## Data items
-=-=-=-=-

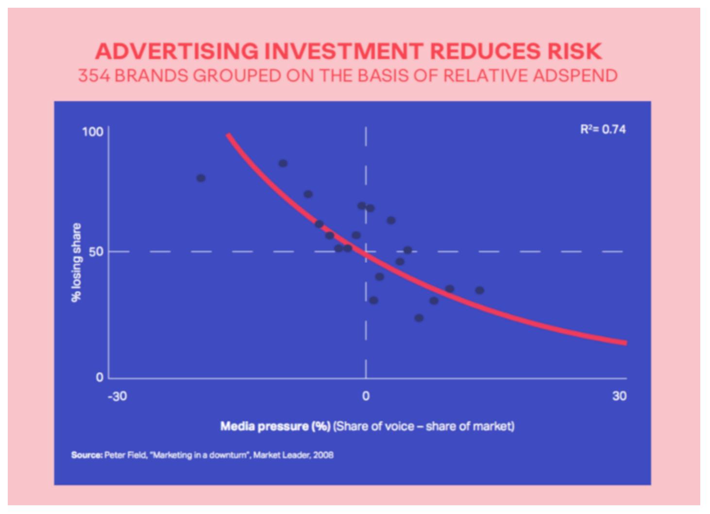 This research, posted by Ogilvy and done by Peter Field on "Marketing in a downturn" shows that if brands decrease their marketing spend, they stand a greater chance to losing their share of voice and share of market.
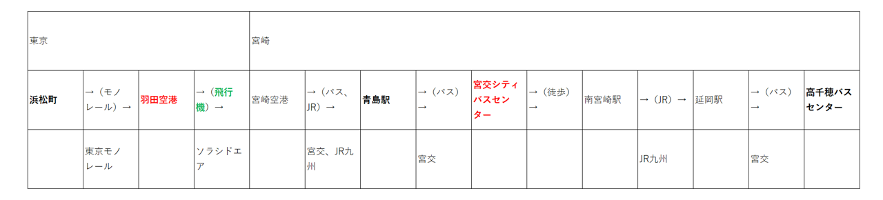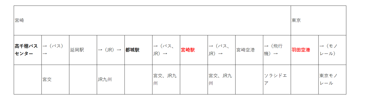 【必須】羽田空港第2ターミナル駅、宮崎駅、宮交シティバスセンター
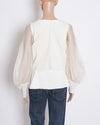 Renasci by Ritika Arya Jain White Top is crafted from a crisp white fabric with contrasting sheer organza balloon sleeves. It features a V-neckline and is distinguished by the large, pleated fabric bow detail at the center of the bodice.
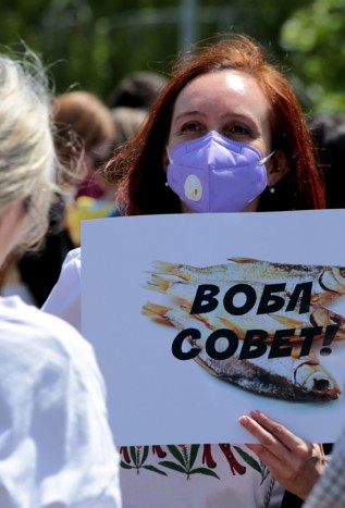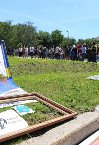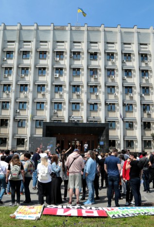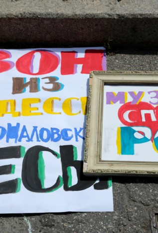 Люди принесли множество плакатов, а со сцены в поддержку художника, директора Одесского художественного музея выступили деятели культуры, политики, журналисты. С помощью онлайн-связи участников митинга поддержали Сергей Жадан, Святослав Вакарчук, директор Центра Довженко Иван Козленко, мэр Львова Андрей Садовый и другие люди, известные всей Украине.
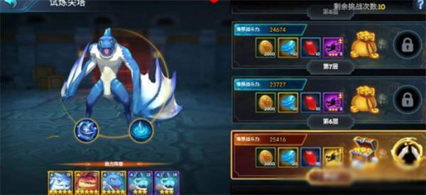 获取资源:通关试炼尖塔可以获得大量资源,包括金币,宝石,进化石,龙碎片等
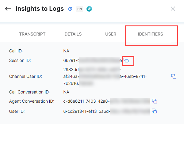 16.2.4 On the Insights to Logs page, click Identifiers, and then click the copy symbol against the Session ID value.
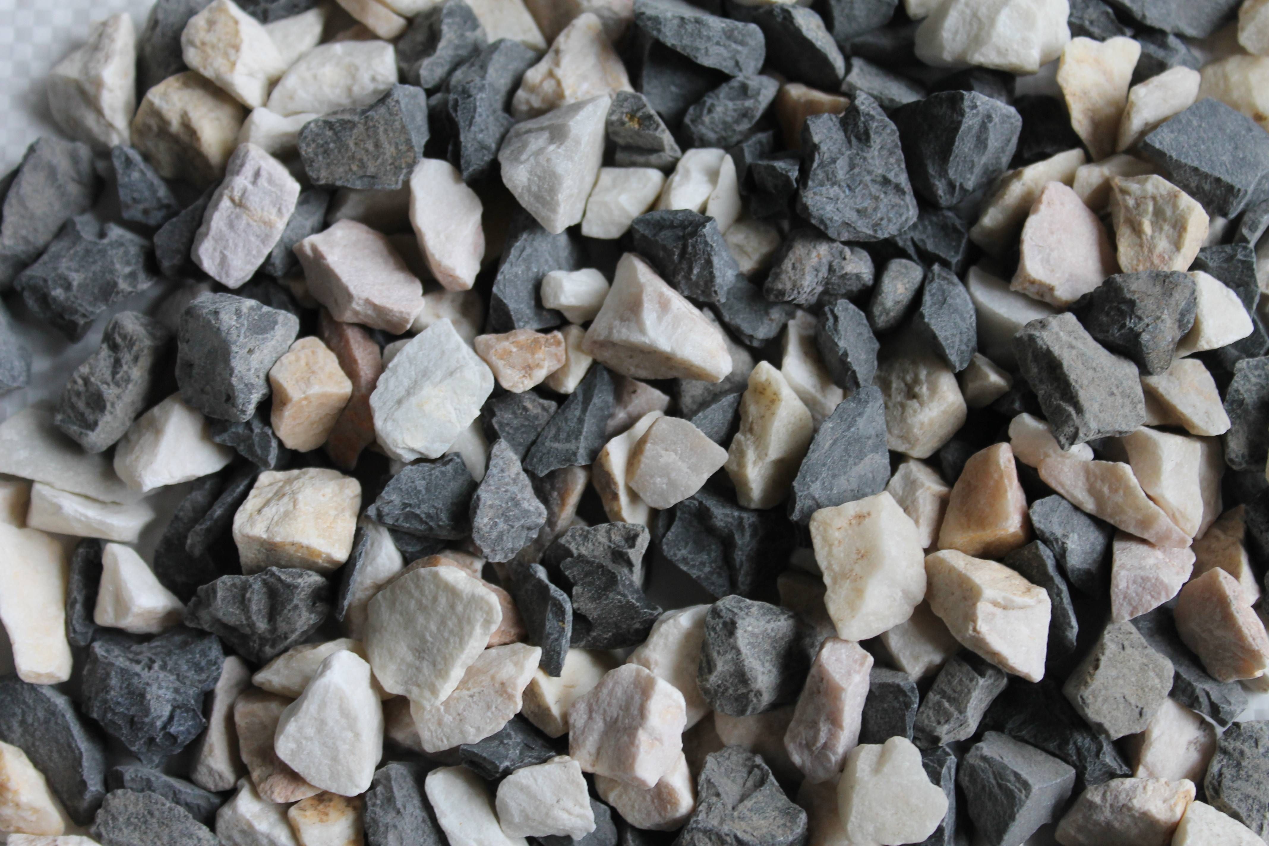 ZDK musta ja valgega dekoratiivne graniitkillustik, mille osakeste suurus on 8-16 mm.
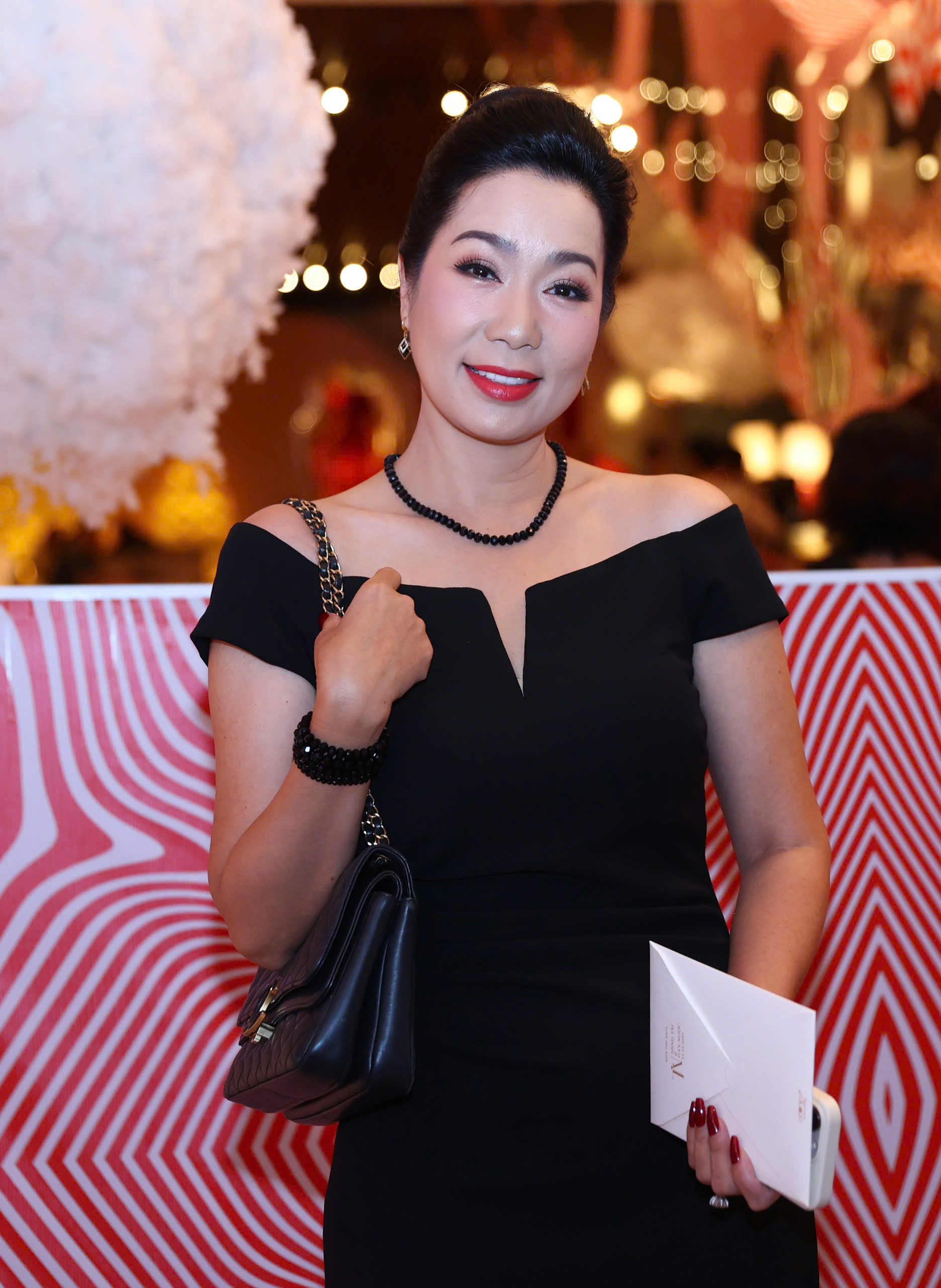 Actress Nhat Kim Anh paired an off-the-shoulder dress with a Chanel handbag. She previously co-starred with Doan Minh Tai in the 2016 television series "Song Gio Gia Dinh".
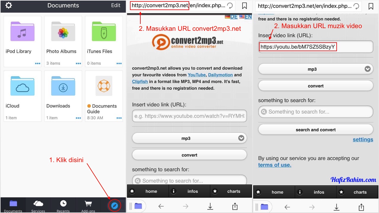- Pergi ke aplikasi Documents. Dibahagian bawah kanan, terdapat ikon web browser. Klik pada ikon tersebut, kemudian layari laman web convert2mp3.net. Paste-kan URL video yang korang dah copy tadi seterusnya klik Search and convert.
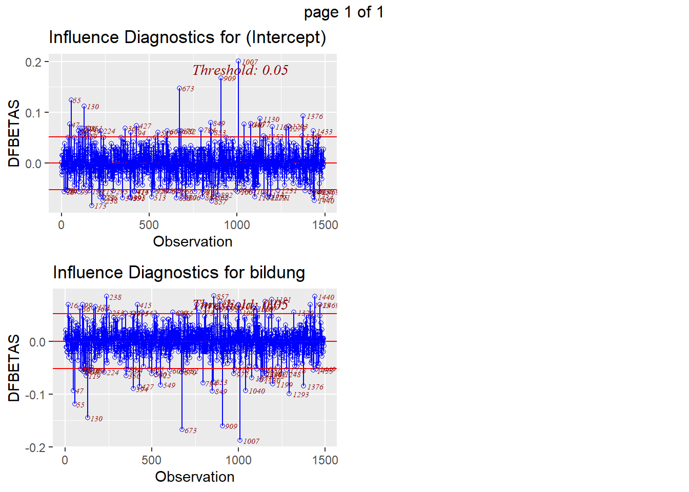 Der Grenzwert beträgt 0.05. Das heisst alle dfbetas zwischen -0.05 und 0.05 sind für uns als Ausreisser zu betrachten.
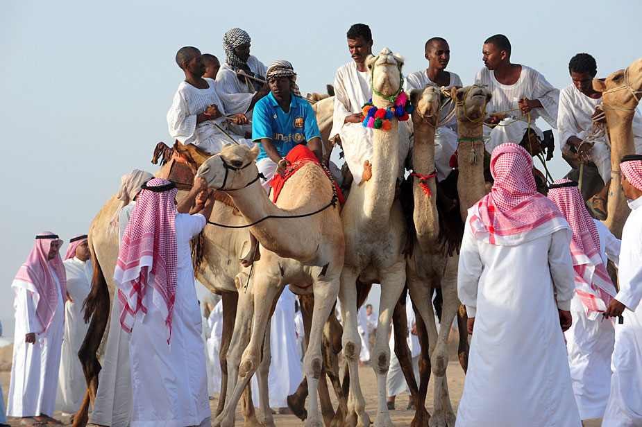 9月25日,在沙特阿拉伯東部的哈利斯,駱駝騎士們騎著自己的座駕在大漠中飛馳。圖片來源:中國(guó)新聞網(wǎng)
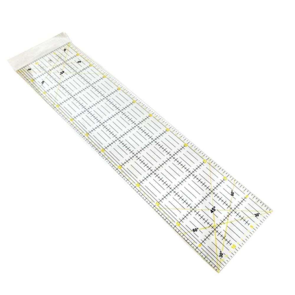 Flott og stor linjal for arbeid med tekstil og søm. Den er laget for quilting, og har streker og mål for å hjelpe deg med rask oppmåling i ditt arbeid.
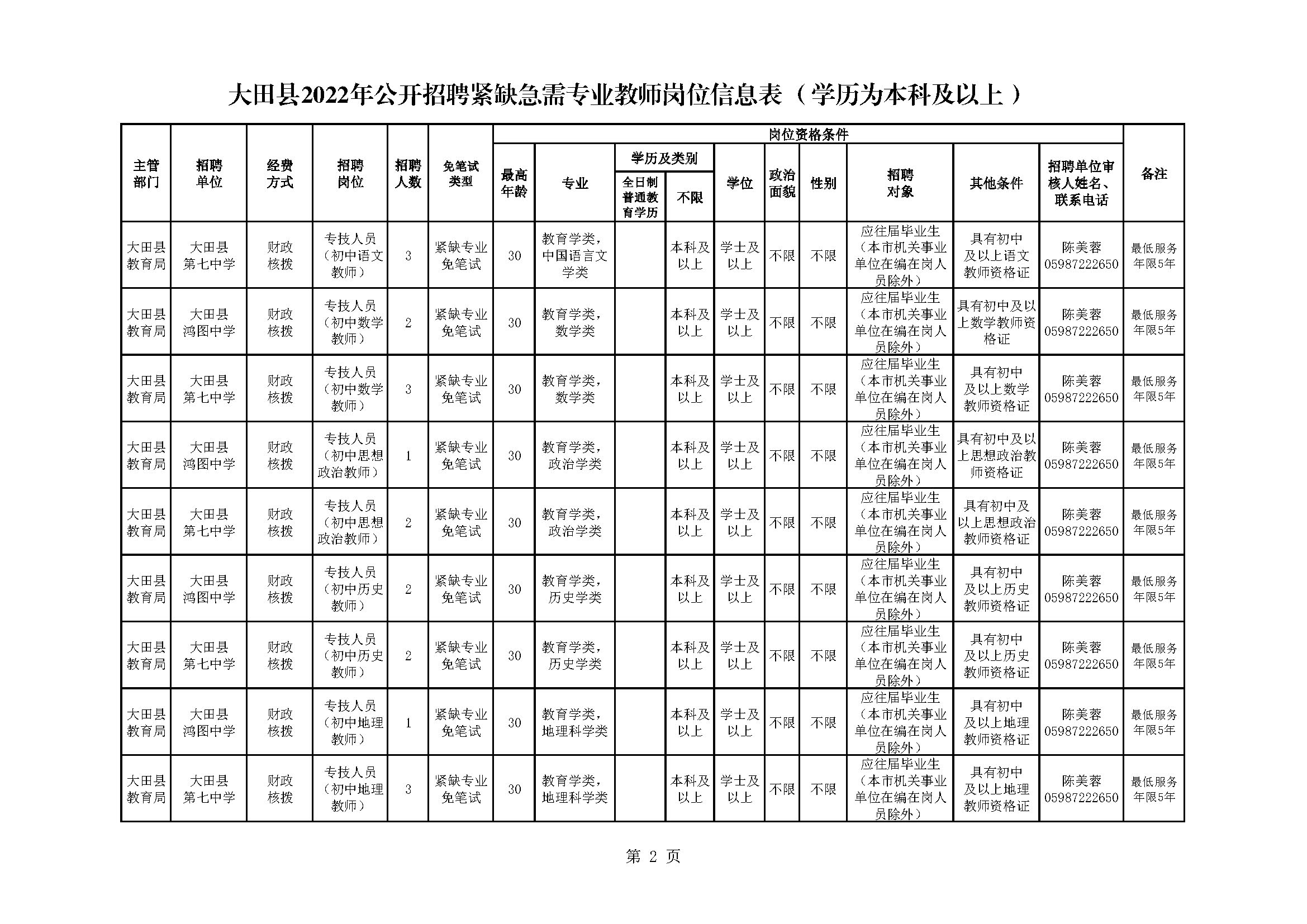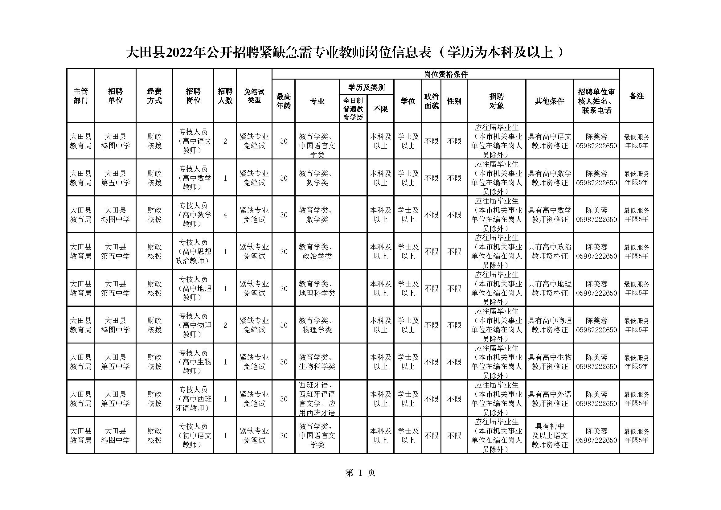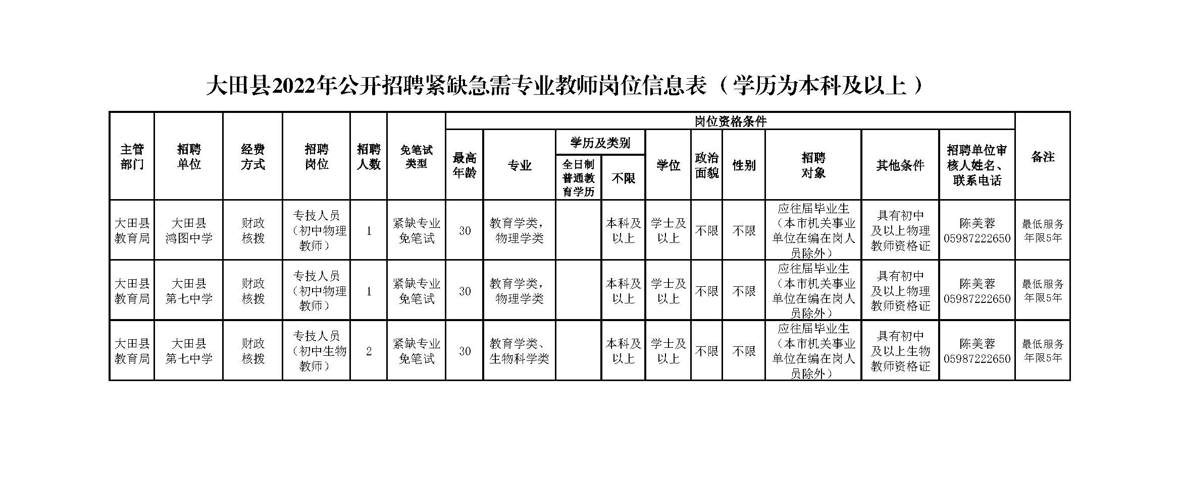 經(jīng)研究,決定于2021年11月20日上午9:00-12:00在三明學院藝術(shù)樓招聘緊缺急需專業(yè)教師,招聘條件、辦法與程序具體見大田縣人民政府網(wǎng)站(“教育信息-通知公告”)2021年10月13日發(fā)布的《大田縣2022年緊缺急需專業(yè)教師公開招聘方案》。招聘崗位如下:

-=-=-=-=-

## Work to complete
Once the pictures are removed, reproduce the remaining entries above exactly.

## Your solution
 This research, posted by Ogilvy and done by Peter Field on "Marketing in a downturn" shows that if brands decrease their marketing spend, they stand a greater chance to losing their share of voice and share of market.
 【必須】羽田空港第2ターミナル駅、宮崎駅、宮交シティバスセンター
 Renasci by Ritika Arya Jain White Top is crafted from a crisp white fabric with contrasting sheer organza balloon sleeves. It features a V-neckline and is distinguished by the large, pleated fabric bow detail at the center of the bodice.
 Люди принесли множество плакатов, а со сцены в поддержку художника, директора Одесского художественного музея выступили деятели культуры, политики, журналисты. С помощью онлайн-связи участников митинга поддержали Сергей Жадан, Святослав Вакарчук, директор Центра Довженко Иван Козленко, мэр Львова Андрей Садовый и другие люди, известные всей Украине.
 获取资源:通关试炼尖塔可以获得大量资源,包括金币,宝石,进化石,龙碎片等
 16.2.4 On the Insights to Logs page, click Identifiers, and then click the copy symbol against the Session ID value.
 ZDK musta ja valgega dekoratiivne graniitkillustik, mille osakeste suurus on 8-16 mm.
 Actress Nhat Kim Anh paired an off-the-shoulder dress with a Chanel handbag. She previously co-starred with Doan Minh Tai in the 2016 television series "Song Gio Gia Dinh".
- Pergi ke aplikasi Documents. Dibahagian bawah kanan, terdapat ikon web browser. Klik pada ikon tersebut, kemudian layari laman web convert2mp3.net. Paste-kan URL video yang korang dah copy tadi seterusnya klik Search and convert.
 Der Grenzwert beträgt 0.05. Das heisst alle dfbetas zwischen -0.05 und 0.05 sind für uns als Ausreisser zu betrachten.
 9月25日,在沙特阿拉伯東部的哈利斯,駱駝騎士們騎著自己的座駕在大漠中飛馳。圖片來源:中國(guó)新聞網(wǎng)
 Flott og stor linjal for arbeid med tekstil og søm. Den er laget for quilting, og har streker og mål for å hjelpe deg med rask oppmåling i ditt arbeid.
 經(jīng)研究,決定于2021年11月20日上午9:00-12:00在三明學院藝術(shù)樓招聘緊缺急需專業(yè)教師,招聘條件、辦法與程序具體見大田縣人民政府網(wǎng)站(“教育信息-通知公告”)2021年10月13日發(fā)布的《大田縣2022年緊缺急需專業(yè)教師公開招聘方案》。招聘崗位如下:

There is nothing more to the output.